= Eric McCormick =

New Zealand historian

Eric McCormick

Eric Hall McCormick (17 June 1906 – 23 March 1995) was a New Zealand teacher, critic, historian, university lecturer and biographer.

==Life and career==
McCormick was born in Taihape, Wanganui. He attended Wellington College, Wellington, as a boarder, and then studied at the Teachers' Training College, Wellington, and Victoria University College. He continued his studies at Victoria while teaching at rural schools near Nelson, eventually graduating Master of Arts in English and Latin. In the early 1930s he studied at Clare College, Cambridge.

Of McCormick's first book, Letters and Art in New Zealand (1940), the reviewer for the Auckland Star declared that of all the books published in New Zealand's centennial year of 1940, none was "so rich in information not otherwise easily accessible, or so likely to increase understanding of the social changes which the Dominion has known", and concluded that it was "an excellent piece of work of which New Zealand until now has stood much in need". The historian Keith Sinclair later described it as "a work of such discrimination and scholarship as at once to establish the author as the first of his countrymen entitled to be called critic".
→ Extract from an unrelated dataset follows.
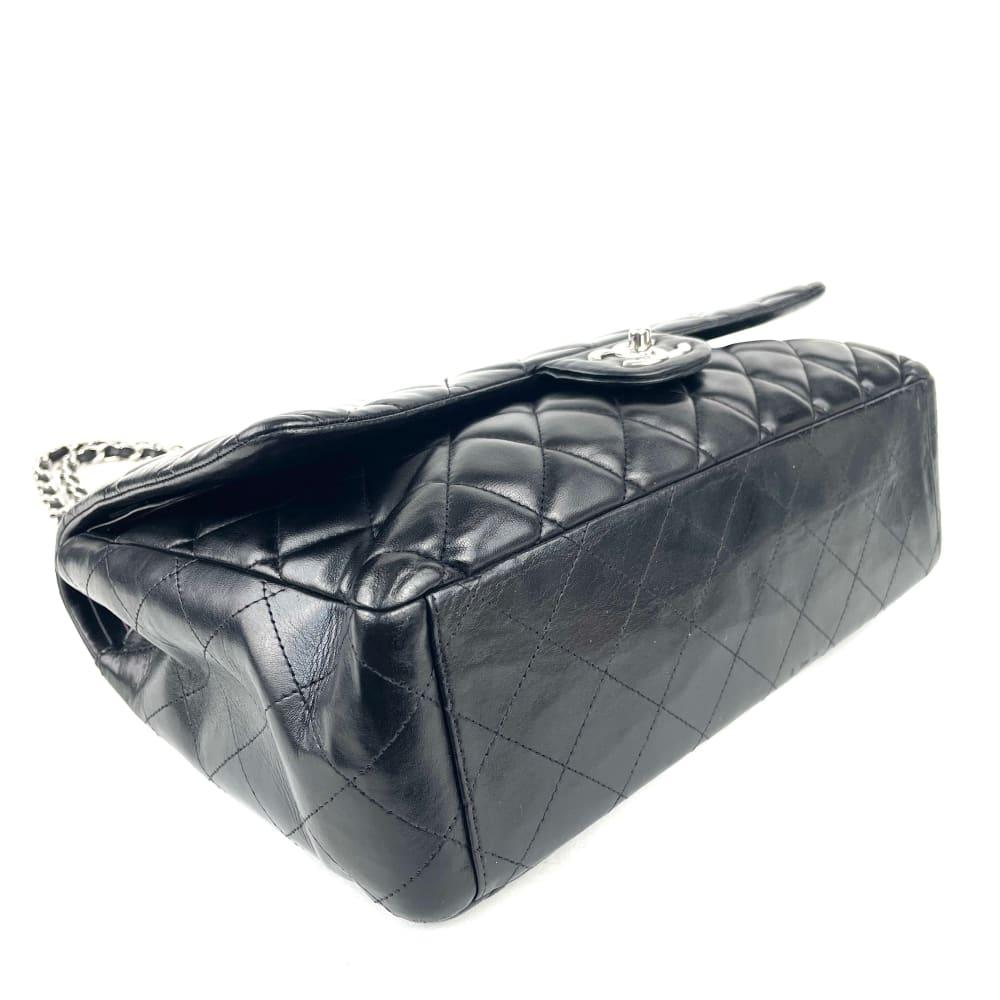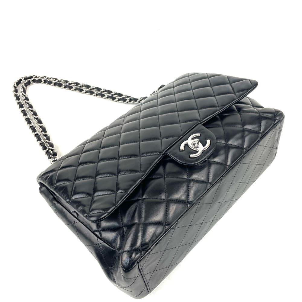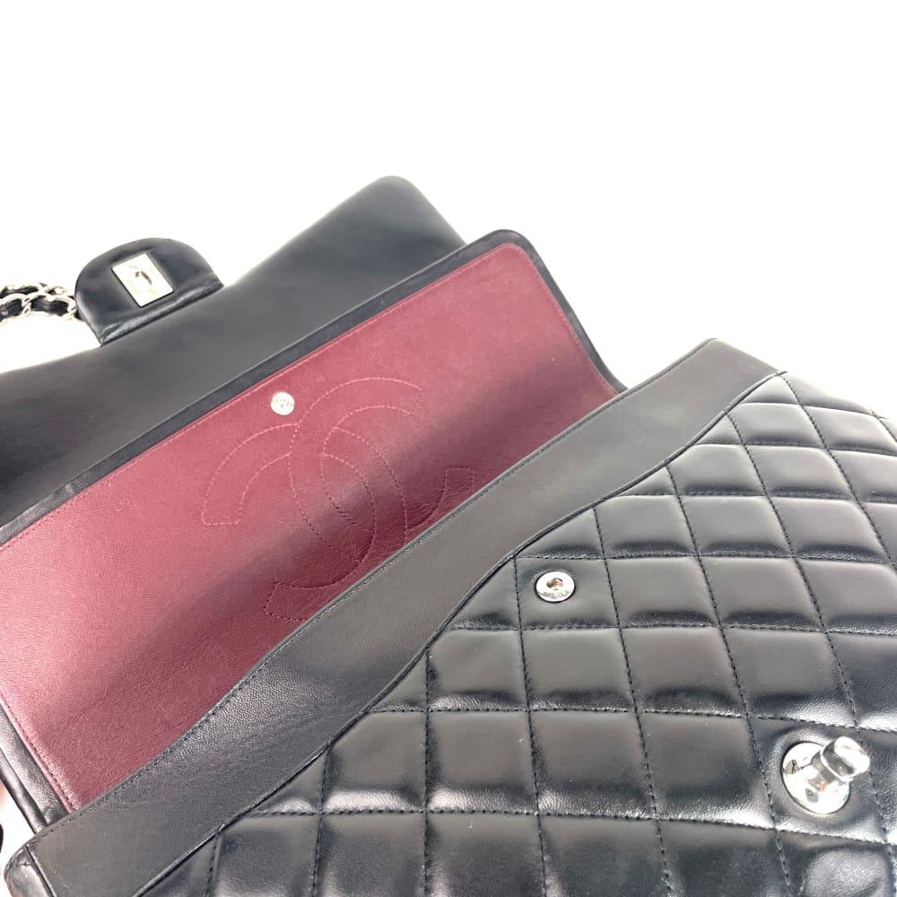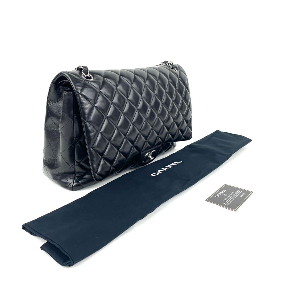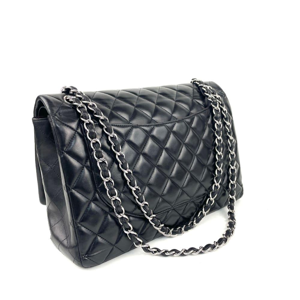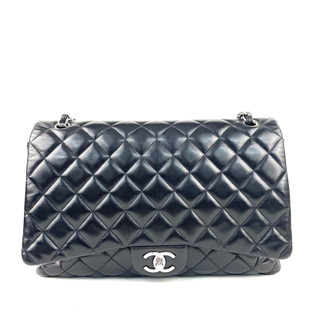 CHANEL Maxi Double Flap Bag Black Lambskin Leather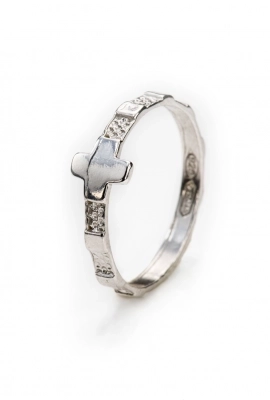 Semplice ed elegante anello decina del rosario, utilissimo strumento per pregare il rosario. E' caratterizzato da dieci piccoli rilievi per aiutare a tenere traccia delle preghiere, al centro una croce di 0,5x0,5 cm. Realizzato in argento 925 rodiato e disponibile in tutte le misure. Realizzato in Italia da azienda artigianale specializzata nella lavorazione dell'argento. Segui la tabella qui sotto e scegli la misura giusta per te!

McCormick served with the New Zealand Army in the Middle East during World War II, at first as a medical orderly but later as a war archivist. He rose to the rank of captain, and on his return to New Zealand in 1945 he was appointed chief war archivist.

In 1947, McCormick was appointed senior lecturer in English at Auckland University College. He resigned in 1951 to take up a two-year University of New Zealand senior research fellowship. Later in the 1950s he became an independent scholar, living frugally in the Auckland suburb of Green Bay with his sister Myra.

==Books==
- Making New Zealand: Pictorial Surveys of a Century (1939–40; he edited this 30-volume series)
- Letters and Art in New Zealand (1940)
- New Zealand, a Colony of the Mind (1945)
- Poetry in New Zealand (1947)
- The Later Novel (1947)
- The Expatriate: A Study of Frances Hodgkins (1954)
- The Voice of a Silent Land: New Zealand Writing (1955)
- Eric Lee-Johnson (1956)
- The Inland Eye: A Sketch in Visual Autobiography (1959)
- New Zealand Literature: A Survey (1959)
- Tasman and New Zealand: A Bibliographical Study (1959)
- The Fascinating Folly: Dr Hocken and His Fellow Collectors (1961)
- Alexander Turnbull: His Life, His Circle, His Collections (1974)
- Omai: Pacific Envoy (1977)
- Portrait of Frances Hodgkins (1981)
- The Friend of Keats: A Life of Charles Armitage Brown (1989)
- An Absurd Ambition: Autobiographical Writings (1996; edited by Dennis McEldowney)

Writing, a New Country: A Collection of Essays Presented to E. H. McCormick in His 88th Year is a 1993 festschrift of 16 essays by 16 authors.